During the Second World War, some 8,700 B-24 Bombers were built by the aviation division of Ford Motor Co. at its Willow Run Plant outside Ypsilanti.

Henry Ford’s Bomber Factory has since changed hands, and General Motors now builds transmissions and “X-cars” there. The airfield Ford built, has become the Willow Run Airport, servicing private pilots and air freight companies. Aviators say of all the B-24s built, only one remains in the air. It is in private hands, and carries a price tag of some $300,000.

A group of local pilots and aviation buffs has organized in Ypsilanti, hoping to find and restore a B-24, making the plane airworthy once more.
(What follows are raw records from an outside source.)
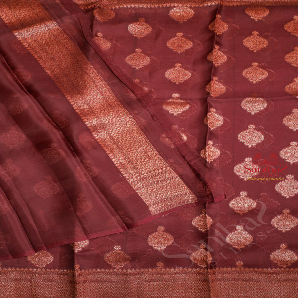 DARK MAGENTA COLOUR KORA ORGANZA SAREE WITH COPPER ZARI BUTTA WITH SELF BLOUSE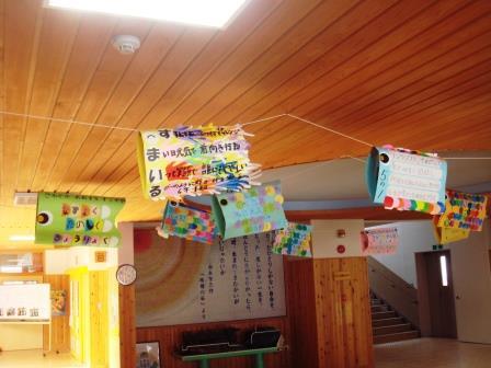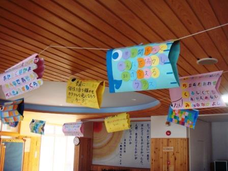 昇降口には、今年も、クラス目標の鯉のぼりが飾られました。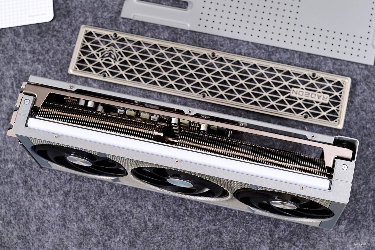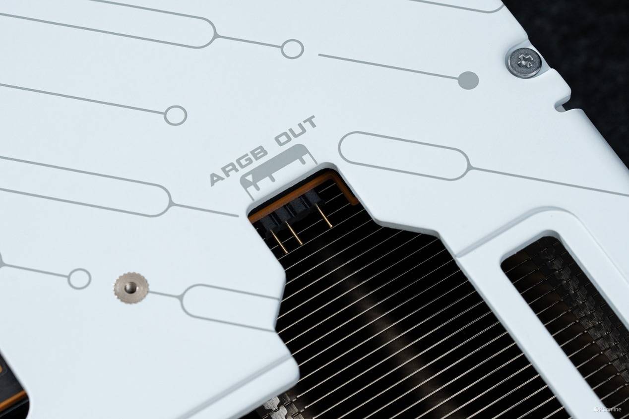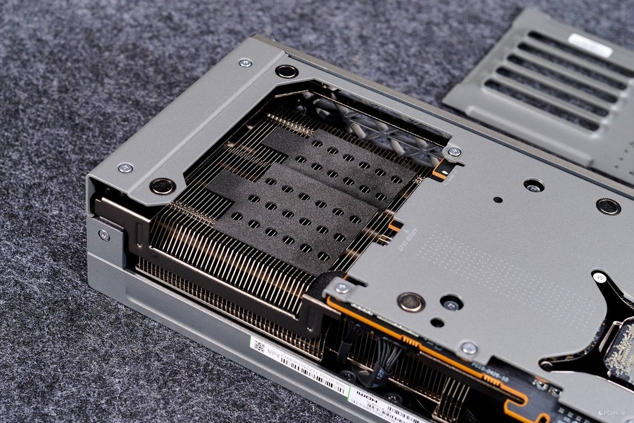 取下磁吸背板才是真正的显卡背部外观。这里最直观的改变就是相比较于传统显卡的镂空设计,这款显卡似乎更加大胆,镂空的面积更大,可以直接看到内部的散热鳍片。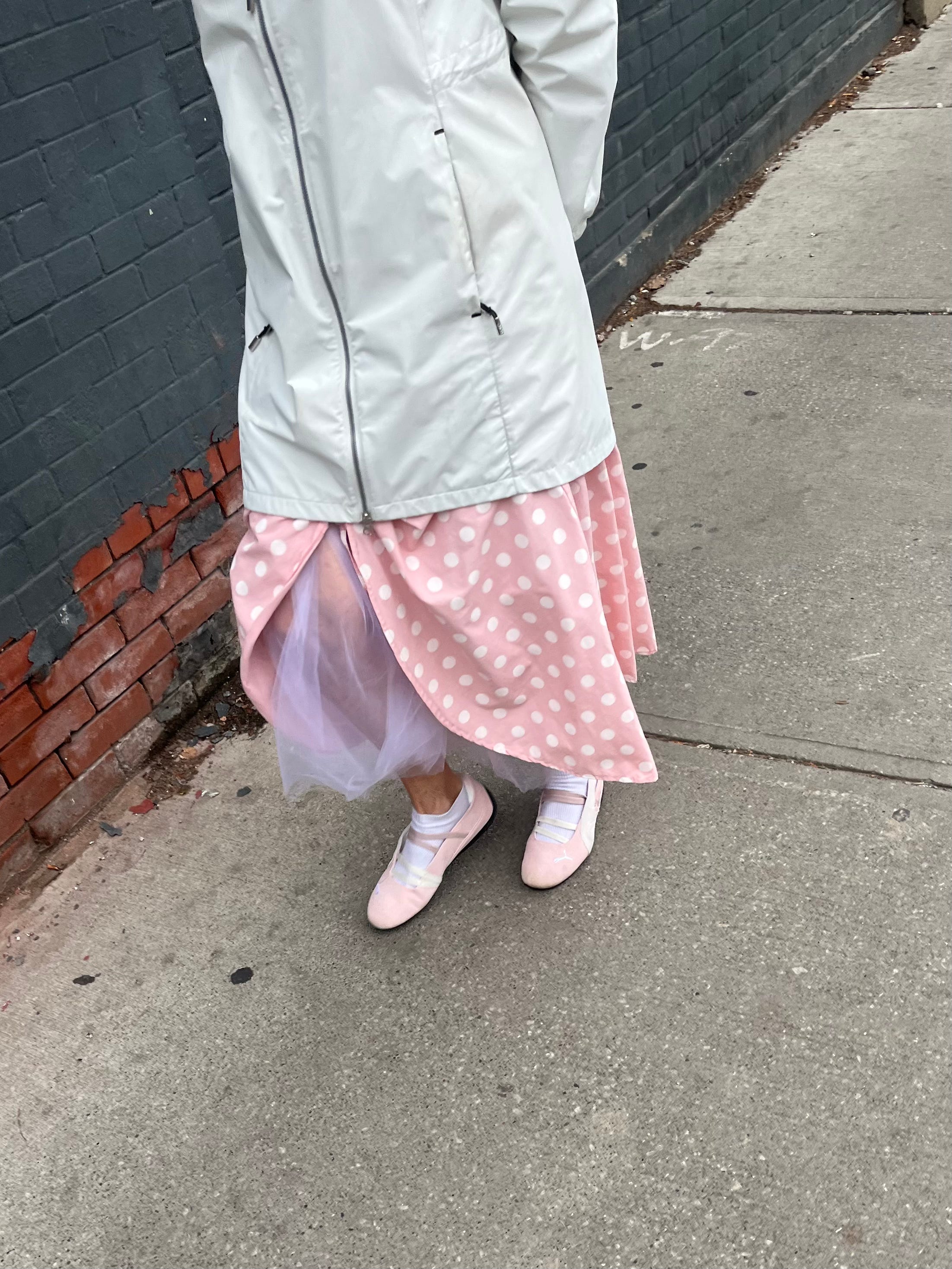 It has been a polka dotted summer. When I snapped this pic (below), I fell in love with this tulle x raincoat x polka dot skirt combo (and the stylish older lady with a white head of hair who was wearing it). Plus, the pink puma speedcat ballets are cute too. But polka dots have been all in over the place. In bag-form, I’ve been loving this Nina Bow bag and this A Bronze Age tote (shoutout Emma).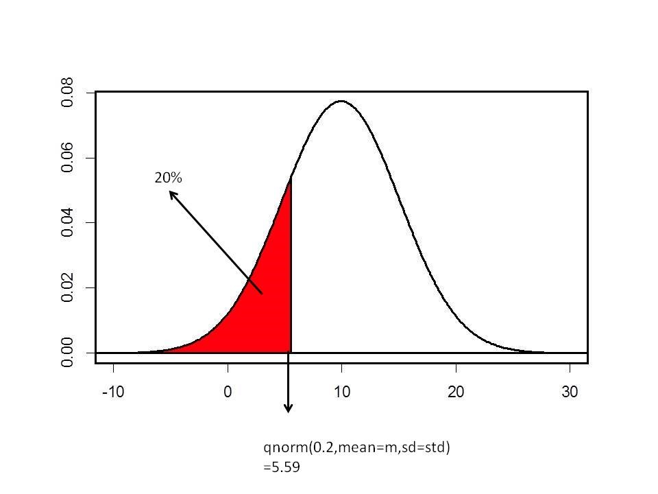 De tweede vraag slaat niet op een percentiel, maar een kwantiel. Dit kan via de functie qnorm berekend worden. Zoals bij de pnorm functie gaat ook de functie qnorm de normale verdeling van de linker kant benaderen. De 20% slechtste studenten kan dus berekend worden als:

THE GROUP, calling itself the “Yankee Air Force,” filed the necessary paperwork to become a non-profit corporation with the State of Michigan last month.

Dennis Norton, Yankee Air Force president, says the group wants to restore a B-24 because of the important role the bomber played in the development of the Ypsilanti area.

“The B-24s were built here at Willow Run,” he says, “The airport is here because of the B-24.”

The Willow Run plant covered 67 acres and contained final assembly lines more than a mile in length. Defying conventional theory, the plant proved that airplanes could be built on an assembly line.

FROM THE TIME the facility opened until production stopped June 28,1945, 8,685 “Liberators,” as the planes were called, were built. At its peak, the plant employed 42,331 workers and turned out a bomber every 63 minutes.

The planes flew 300 miles an hour, carried four tons of bombs and fought in every theater of war.

Industrialists in the Detroit area began to call their region the “Arsenal of Democracy” because of the bomber output.

Norton says the impact of the bomber factory is still being felt. He says the descendants of thousands of people who came from across the country to work in the original bomber plant still reside in the Ypsilanti area.

ACCORDING TO NORTON, the biggest challenge facing the Yankee Air Force will net be restoring a B-24 to flying condition, but finding a B-24 to restore.

“At the present time we know of only one true B-24 that’s flying in the entire world, and that’s out in California. So it’s an extremely rare airplane, and we’re hunting all over the world,” he says.

“We think there’s one on a glacier up in Alaska which went down in 1947,” he said. “One of our members may fly up and look for it.”

“We’ve got contacts, and we’re talking to people all over the world. Our best contacts are in Bolivia... and over in India.

“IF WE CAN FIND one, we’re going to get it back and rebuild it and fly it,” he says.

The Yankee Air Force is conducting the search through a loosely knit network of commercial pilots in its membership. Norton says they have already checked with the U.S. Air Force in their search.

If the Yankee Air Force is unable to find one of the now rare bombers for restoration, Norton says the group will attempt to purchase the B-24 currently flying in California.

IN EITHER EVENT, Norton says, a tremendous amount of money will be needed. To raise funds and increase its membership, the Yankee Air Force will be holding an open house in and around the Butler Aviation hangers at Willow Run Airport.

Norton says several aircraft will be flown in for the open house this Sunday. He says the aircraft will be on display between noon and 3 p.m.

“If you don’t latch on to these things and start working on them now, there’s just not going to be any left. And you’ve lost a very important part of the history of the country by losing these airplanes,” says Norton.